Матрос и механик подскочили с шестами. Капитан сам тоже навалился на шест, отталкивая катер от берега.

— Разом пхай, разом!!

Было видно, как шесты погружаются, входят в зыбкое дно. В капитанских ручищах остался совсем коротенький кусочек шеста, да и тот уменьшался, уменьшался… Капитан почти повис над водой, казалось, еще чуток — и он нырнет в воду. Но тут катер качнулся и пополз с мели.

— Ффух… — облегченно выдохнул дядя Федя и рукавом утер лицо. — Снялись… Теперича пройдем…

— Как бы баржу не завязили! — закричал где-то позади Колька Грошин.

— Ничего, тут наша забота! — ответил дядя Федя и соскочил с будки.

Над крышей будки ходило бревно — этакая огромная, вытесанная из целой сосны рукоятка руля. Степе сказали, что она зовется «перо».

Сейчас дядя Федя встал к перу, поднатужился и начал его поворачивать. Заскрипел под кормой руль. Баржа плавно повела носом и покатилась, покатилась вбок… Степа и не заметил, как весь караван — две баржи и катер — оказался уже на середине реки, на стрежне.

Рейс начался.

Прежде Степа никогда на пароходах не плавал. Видеть-то, правда, их приходилось часто — когда Степа бегал мальчишкой на реку Лузу купаться или удить лещей, пароходы проплывали мимо; мальчишки скидывали штаны и лезли в воду, чтоб покачаться на волнах, а Степа бежал по берегу и смотрел до тех пор, пока пароход не скрывался за речной излучиной. От стонущих пароходных свистков у Степы сжимало сердце, холодок забирался под рубаху.

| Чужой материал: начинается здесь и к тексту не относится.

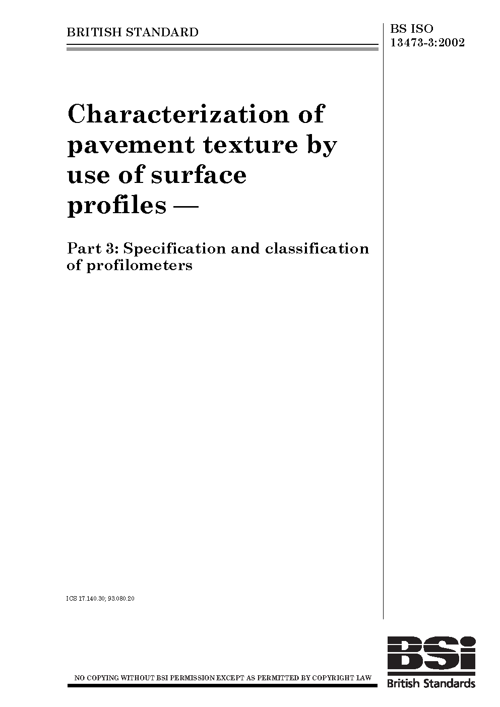 Characterization of pavement texture by use surface profiles Specification and classification profilometers
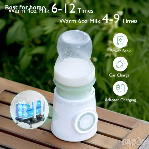 Преносимият нагревател за бутилки има функция за бързо нагряване, която затопля 4oz/120ml мляко до 98℉ само за 2 минути.
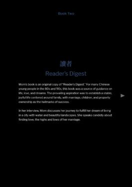 Mom's book is an original copy of "Reader's Digest." For many Chinese young people in the 80s and 90s, this book was a source of guidance on life, love, and dreams. The prevailing aspiration was to establish a stable, joyful life centered around family, with marriage, children, and property ownership as the hallmarks of success.
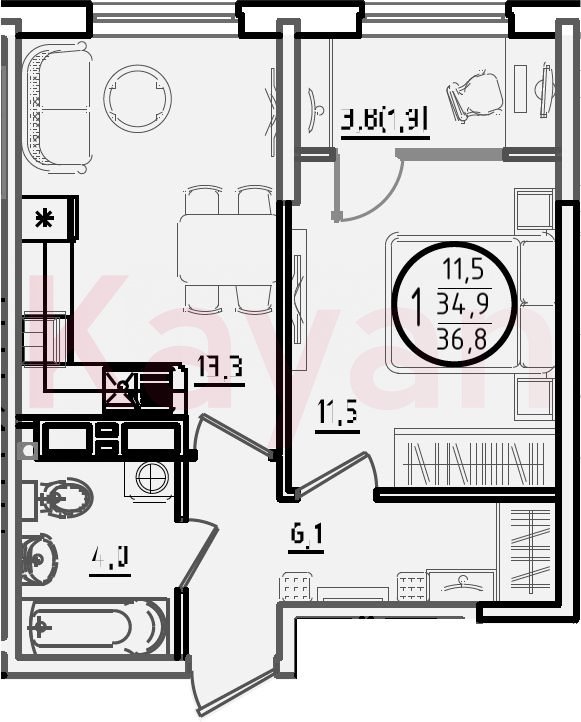 Продажа 2-комн. квартиры, 34.9 кв.м
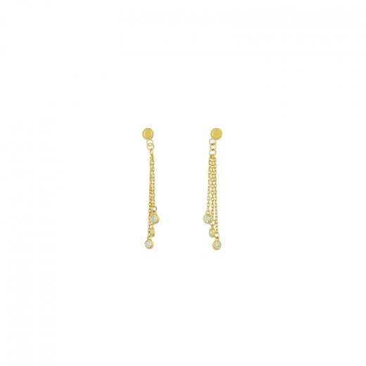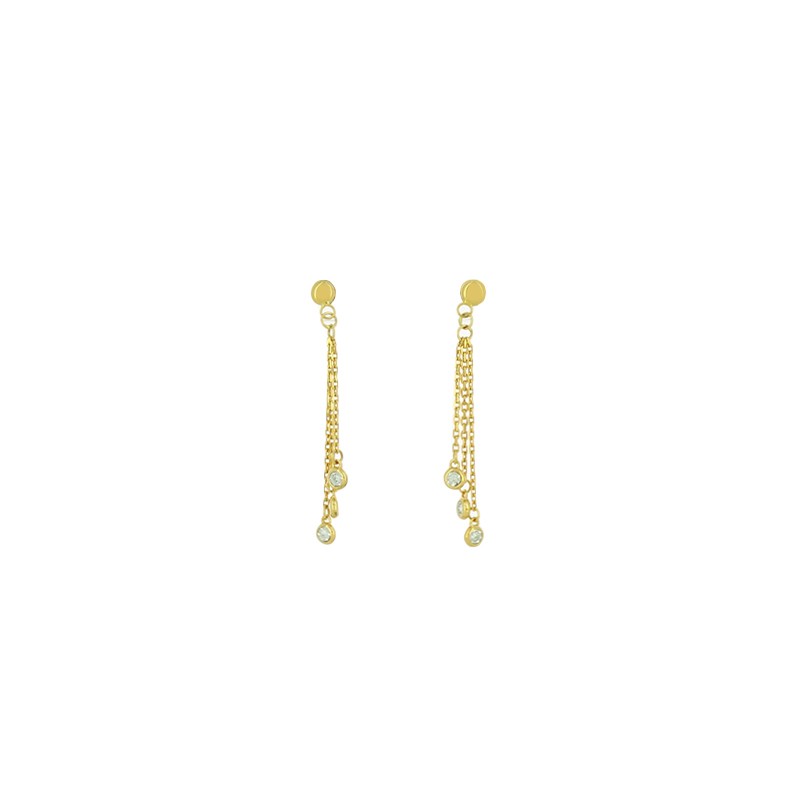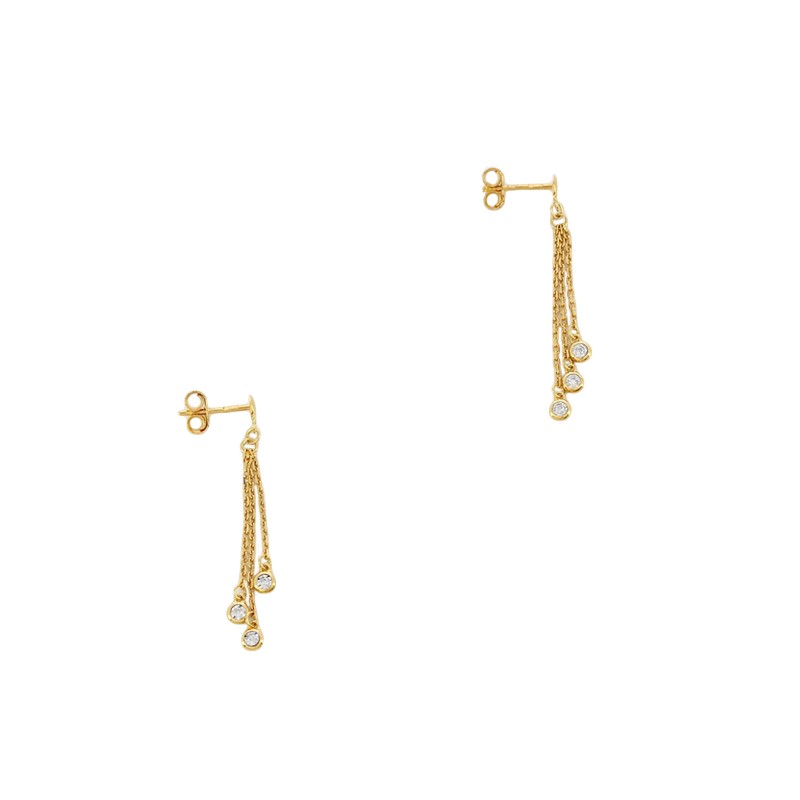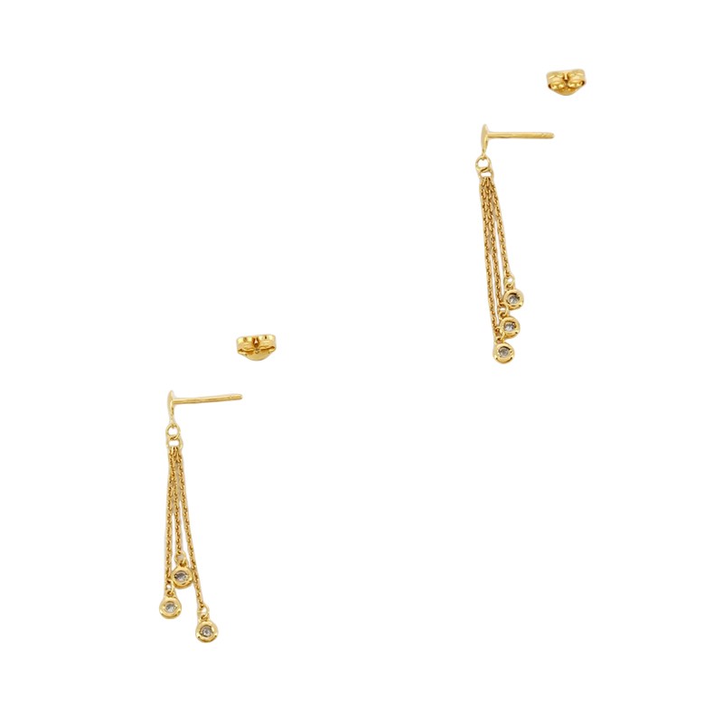 Boucles d’oreilles pendantes en or jaune 18 carats, délicatement composées de trois fines chaînettes
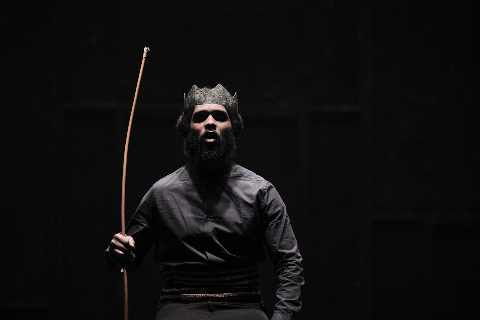 Edipo è un Macbeth avant la lettre: protagonista dal destino infausto, segnato dal sangue, che oltrepassa il limite e nel riconoscimento della propria colpa trova la rovina. In Tragùdia, come già in Macbettu, il cuore pulsante è corale: canti estatici sostenuti da un’elettronica esplosiva costruiscono un ritmo incalzante, mentre i pannelli delle quinte si trasformano in rampe. Gli eventi precipitano: Giocasta scopre d’essere madre e moglie e si uccide; Edipo, sconvolto, si acceca. L’accecamento, non mostrato ma evocato da grida nel buio – nel nero – traghetta alla seconda parte dello spettacolo.
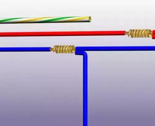 剖削干线和支线的绝缘层,绞紧支线靠近绝缘层1/8处的线芯,散开支线线芯,拉直并清洁表面,所示。把支线线芯分成4根和3根两组排齐,将4根组插入干线线芯中间,所示。把留在外面的3根组线芯,在干线线芯上顺时针方向紧密缠绕4~5圈,切除余下线芯钳平线端。再用4根组线芯在干线线芯的另一侧顺时针方向紧密缠绕3~4圈,切除余下线芯,钳平线端,所示完成T形分支连接。
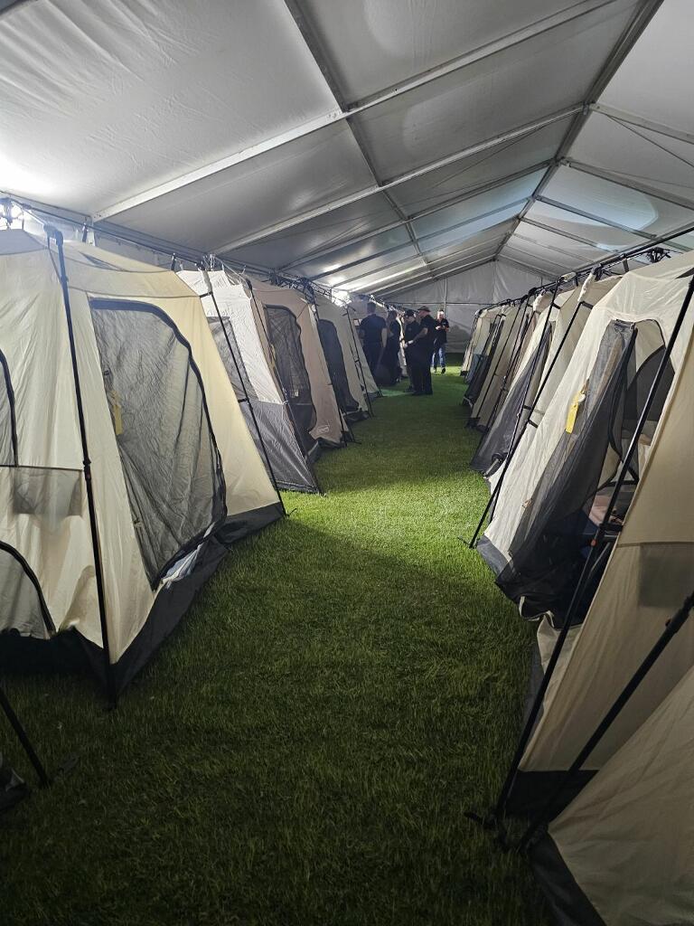 The New Zealand firefighters camped under canvas within a large air-conditioned marquee. Photo: Supplied
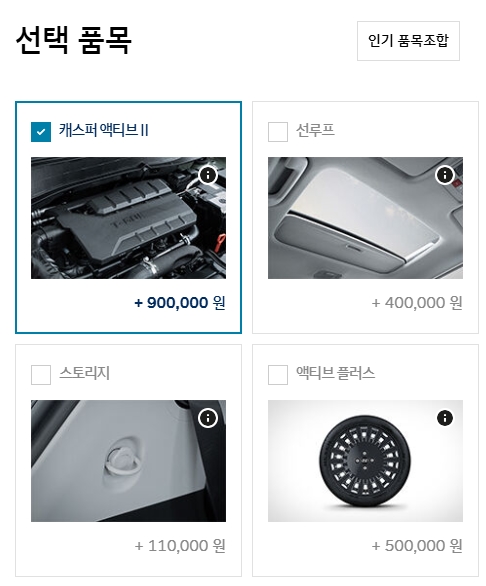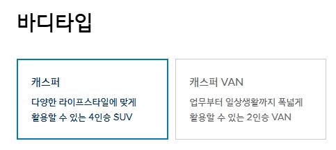 저는 4인승 일반 캐스퍼를 선택했어요.
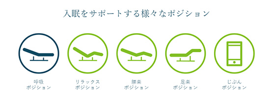 逆に起きる際は、あらかじめ設定した起床時間に合わせて、ベッドの背がゆっくりと約10度まで上がって快適な目覚めをいざなってくれる。
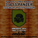 ARM-069 Patch 3rd SS Panzer Totenkopf Division Tropical Skull Schutzstaffel Waffen Germany Tengkorak Jerman - 7x8,5cm - Embrio Patch Embroidery Emblem Bordir Iron on Patches us army military tactical airsoft emblem velcro top gun patches us navy marine airforce
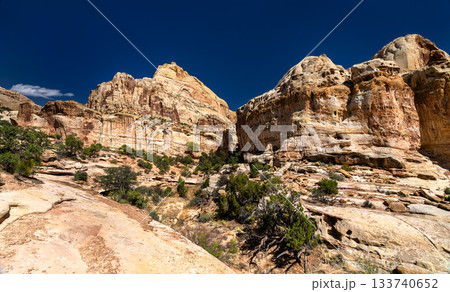 Scenic view of white Navajo Sandstone domes along Hickman Bridge Trail in Capitol Reef National Park. Green juniper trees dot rocky landscape under deep blue sky
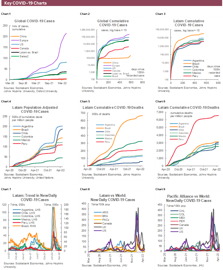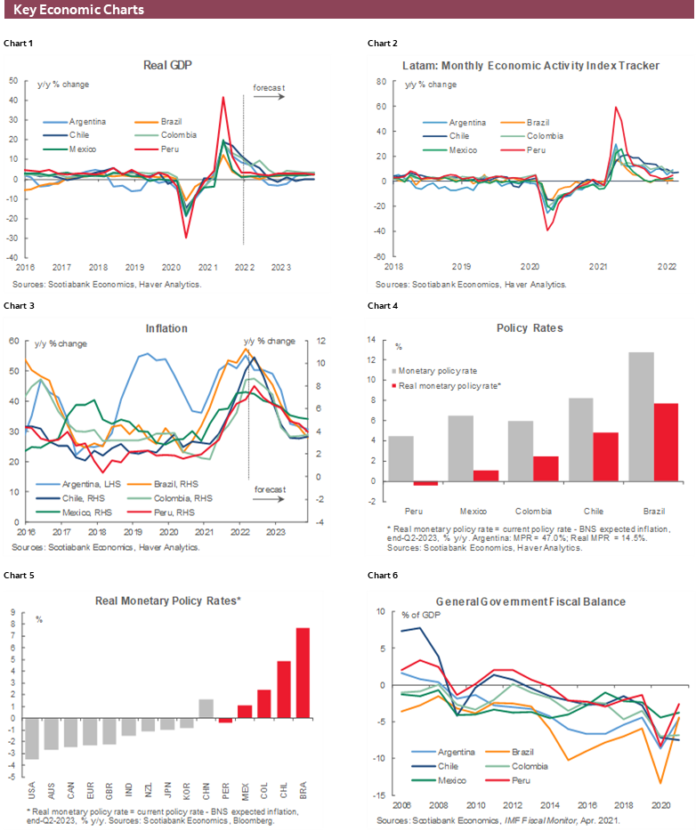 But there are signs that recoveries across the region are maturing. Strong growth in 2021 reflected the “dead cat bounce” from pandemic-induced contractions in 2020: given low bases for comparison, the re-opening of economies, as mobility restrictions were relaxed, was bound to generate high growth rates. These adolescent growth spurts are making way for slower growth, a characteristic of more mature expansions. For instance, Scotiabank’s team in Santiago notes that, while Chile’s monthly GDP data for March came in above market expectations at 7.2% y/y, the q/q contraction reflects convergence towards trend GDP. Similarly, our experts in Lima have pointed out that, with m/m growth flat, February GDP growth of 4.9% y/y may not be as strong as it appears. In Mexico, Scotiabank’s team recently highlighted the results of Banxico’s expectations survey, which shows slightly weaker growth (and higher inflation). The message here is that slowing growth does not necessarily presage issues of grave concern, even if there is a possibility, as in Chile, of a mild technical recession, as growth transitions to a more sustainable rate. Meanwhile, Colombia has closed the output gap between potential output and actual output, completing the transition from recovery to expansion.
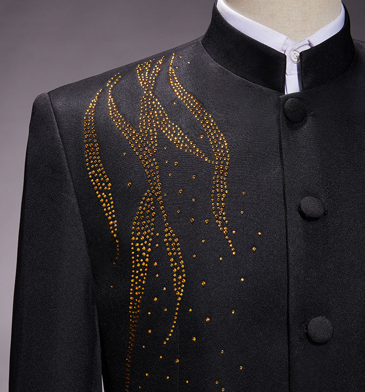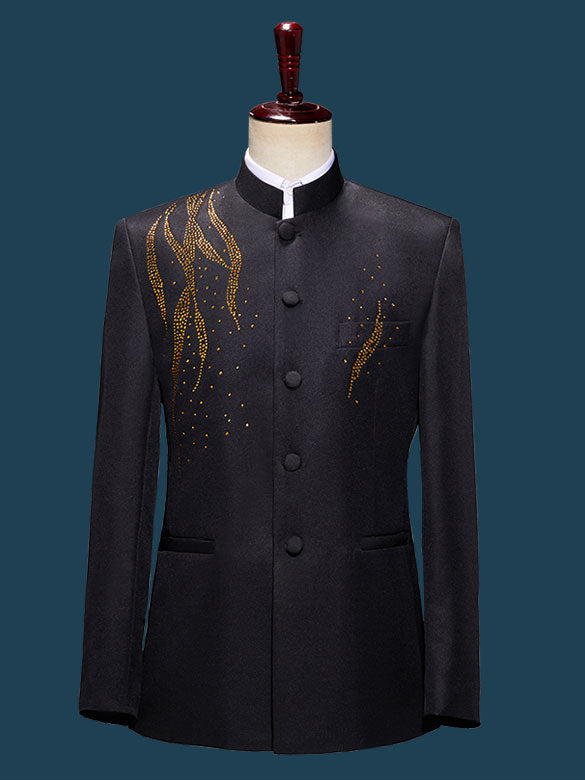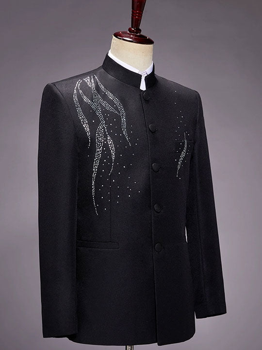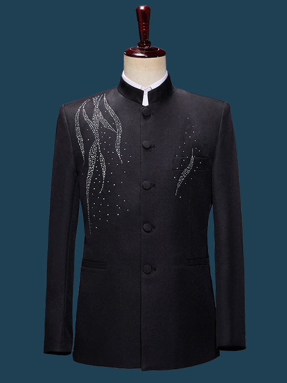 Beaded Black Men Tang Suit Jacket

И все-таки Степа не надеялся, что удастся ему попасть на пароход и куда-то поплыть, слушая эти тревожные, грустные свистки.

А вот ведь пришлось.

Когда Степа сдал экзамены за семь классов и принес домой свидетельство, отпечатанное на гербовой бумаге и заверенное подписью учительницы, мать сказала:

— Красивый такой документ, отдавать жалко…

— Куда отдавать? — не понял Степа.

— В город поедешь, — строго сказала мать. — Учиться в техническое училище.

— Я ж говорил, что не хочу…

— Не перечь. В колхозе теперь жить полегче стало, я и без тебя обойдусь. А ты учись. Специальность получишь, она всегда пригодится.

Знакомая служащая из сельсовета помогла выправить Степины метрики, а мать вспомнила о своем дальнем родственнике — дяде Федоре, наведалась к нему и попросила отвезти парнишку в город. Так Степа и попал в этот рейс.

Разворачиваясь, плыли по обеим сторонам берега. Луза тут была неспокойная, извилистая; дядя Федя упарился, все время ворочая тяжелое перо.

Степа присел на деревянный столбик, врубленный в нос баржи, и стал глядеть, как бьют в берега волны от идущего впереди катера.

Сначала вода за катером будто оседала книзу. На берегах обнажались обсосанные корни кустов, серые камни с прилипшими челками тины, блестящий текучий песок. Из ямок и норок под берегом вытекали струйки.

Затем, незаметно вспучиваясь, накатывала волна. Свертываясь фунтиком, уходили под нее круглые листья кувшинок. Перед нею на коленки падали тонконогие камыши. А она выгибалась, заворачивала прозрачный зеленый гребень и, ударившись о берег, начинала грызть его мелкими белыми зубками.

Волны набегали одна за другой — неустанные, одинаково медленные, — и после каждой волны берег отфыркивался и шумно вздыхал: ууух… уух…

— Степа-ан! — позвал с кормы дядя Федя.

Степа неохотно поднялся и подошел к нему, боязливо переступая ногами по узкому борту баржи.

— Пассажиров у нас не возят! — сказал дядя Федя и хмыкнул. Это означало, что он пошутил. — Я тебя к делу приставлю. Будешь в этом рейсе помощником шкипера, понял?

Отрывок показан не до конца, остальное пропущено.